_TASK GOAL_. Don't include any picture when you restate the data word for word.

______

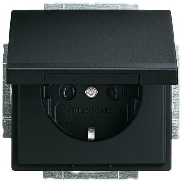 Busch-Jaeger 2018-0-1495. Socket type: CEE 7/3, Number of poles: 2P+E. Product colour: Black, Housing material: Plastic. Rated voltage: 250 V, Rated current: 16 A. Width: 63 mm, Depth: 46 mm, Depth of visual part: 1.5 cm
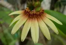 纹瓣兰 Sw.)附生植物,假鳞茎卵球形,通常包藏于叶基之内,叶4-5枚,厚革质,花葶从假鳞茎基部穿鞘而出,下垂,长20-60厘米,萼片与花瓣淡黄色至奶油黄色,萼片狭长圆形至狭椭圆形,花瓣略短于萼片,…全部>>
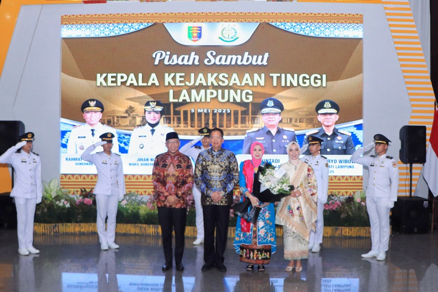 Gantanews.co — Gubernur Rahmat Mirzani Djausal didampingi Ketua TP PKK Provinsi Lampung Purnama Wulan Sari Mirza dan Wakil Gubernur Jihan Nurlela menggelar acara Pisah Sambut Kepala Kejaksaan Tinggi Lampung, di Mahan Agung, Senin(5/5/2025).
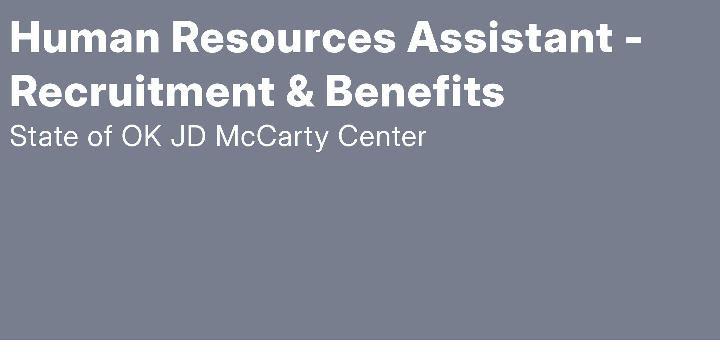 J.D. McCarty Center is looking for a Human Resource Management Specialist to assist with employee benefits, recruitment and on-boarding. Must be organized and have excellent communication, grammar, and strong phone etiquette skills. Candidate should be detailed driven and flexible. Must have computer skills and working knowledge of Microsoft Excel and Word.
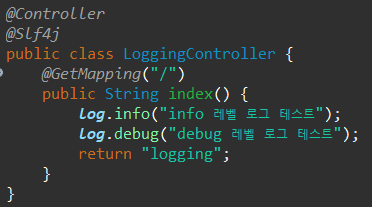 Logger 인터페이스 사용 대신 @Slf4j 어노테이션만 붙여주면 된다.
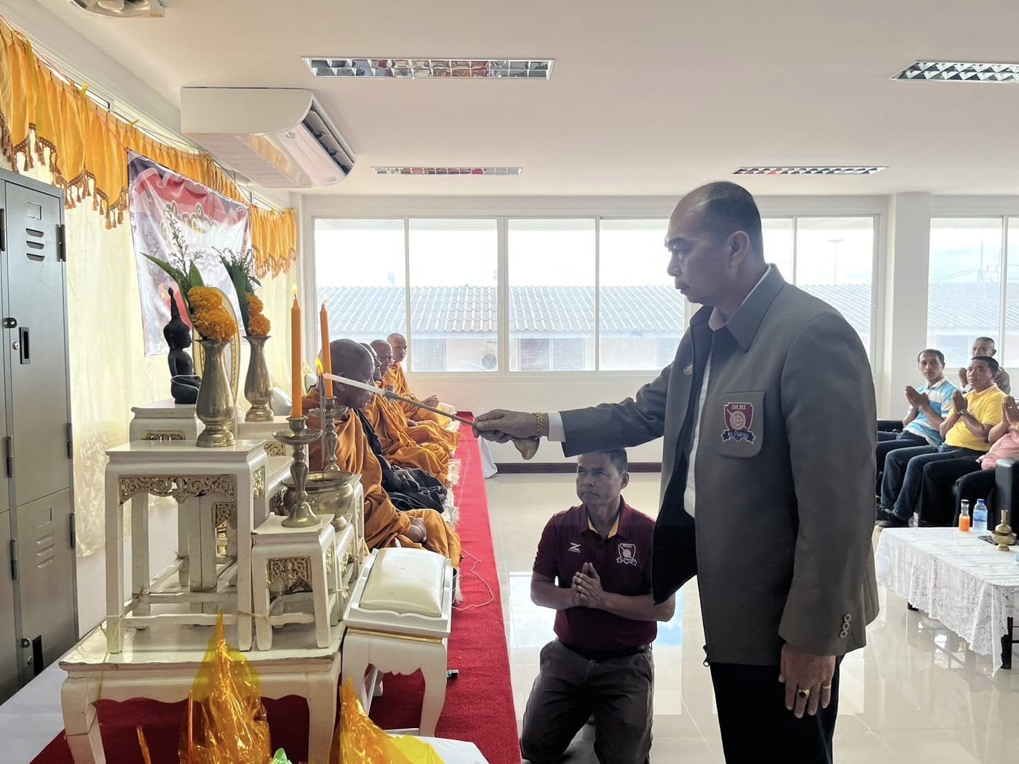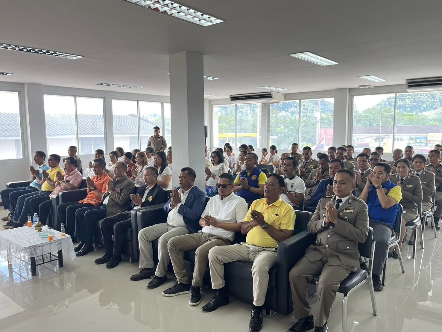 • เวลา 09.30 น. เข้าร่วมพิธีสงฆ์ โดยมีนายวีรยุทธ ขนุนนิล นายอำเภอบ้านตาขุน ,ปลัดอำเภอ,ประธาน กต.ตร.สภ.ฯ,ผู้นำท้องถิ่น,คณะแม่บ้านตำรวจ ฯลฯ ให้เกียรติมาร่วมพิธีฯ ณ ที่ทำการ สภ.บ้านตาขุน
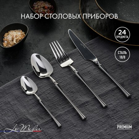 Современный и стильный набор серебристых столовых приборов из гипоаллергенной нержавеющей стали 18/8 на шесть персон (24 предмета) Le Meiler FS-280. Столовые приборы из нержавеющей стали подойдут как для личного пользования, так и в подарок на любой праздник. Дизайн приборов отлично дополнит любой кухонный интерьер и добавит эстетическое удовольствие во время приема пищи. Современный и стильный набор столовых приборов покорит Вас не только своим внешним видом, но и комфортом в использовании. Идеально подойдёт для сервировки праздничного стола и повседневного использования. Набор состоит из: вилки - 6 шт. , ножа - 6 шт. , столовой ложки - 6 шт. и чайной ложки - 6 шт. Всё упаковано в черную стильную коробку, которая отлично подойдет для подарка.

______

_EXERCISE RESULT_.
 Busch-Jaeger 2018-0-1495. Socket type: CEE 7/3, Number of poles: 2P+E. Product colour: Black, Housing material: Plastic. Rated voltage: 250 V, Rated current: 16 A. Width: 63 mm, Depth: 46 mm, Depth of visual part: 1.5 cm
 纹瓣兰 Sw.)附生植物,假鳞茎卵球形,通常包藏于叶基之内,叶4-5枚,厚革质,花葶从假鳞茎基部穿鞘而出,下垂,长20-60厘米,萼片与花瓣淡黄色至奶油黄色,萼片狭长圆形至狭椭圆形,花瓣略短于萼片,…全部>>
 Gantanews.co — Gubernur Rahmat Mirzani Djausal didampingi Ketua TP PKK Provinsi Lampung Purnama Wulan Sari Mirza dan Wakil Gubernur Jihan Nurlela menggelar acara Pisah Sambut Kepala Kejaksaan Tinggi Lampung, di Mahan Agung, Senin(5/5/2025).
 J.D. McCarty Center is looking for a Human Resource Management Specialist to assist with employee benefits, recruitment and on-boarding. Must be organized and have excellent communication, grammar, and strong phone etiquette skills. Candidate should be detailed driven and flexible. Must have computer skills and working knowledge of Microsoft Excel and Word.
 Logger 인터페이스 사용 대신 @Slf4j 어노테이션만 붙여주면 된다.
 • เวลา 09.30 น. เข้าร่วมพิธีสงฆ์ โดยมีนายวีรยุทธ ขนุนนิล นายอำเภอบ้านตาขุน ,ปลัดอำเภอ,ประธาน กต.ตร.สภ.ฯ,ผู้นำท้องถิ่น,คณะแม่บ้านตำรวจ ฯลฯ ให้เกียรติมาร่วมพิธีฯ ณ ที่ทำการ สภ.บ้านตาขุน
 Современный и стильный набор серебристых столовых приборов из гипоаллергенной нержавеющей стали 18/8 на шесть персон (24 предмета) Le Meiler FS-280. Столовые приборы из нержавеющей стали подойдут как для личного пользования, так и в подарок на любой праздник. Дизайн приборов отлично дополнит любой кухонный интерьер и добавит эстетическое удовольствие во время приема пищи. Современный и стильный набор столовых приборов покорит Вас не только своим внешним видом, но и комфортом в использовании. Идеально подойдёт для сервировки праздничного стола и повседневного использования. Набор состоит из: вилки - 6 шт. , ножа - 6 шт. , столовой ложки - 6 шт. и чайной ложки - 6 шт. Всё упаковано в черную стильную коробку, которая отлично подойдет для подарка.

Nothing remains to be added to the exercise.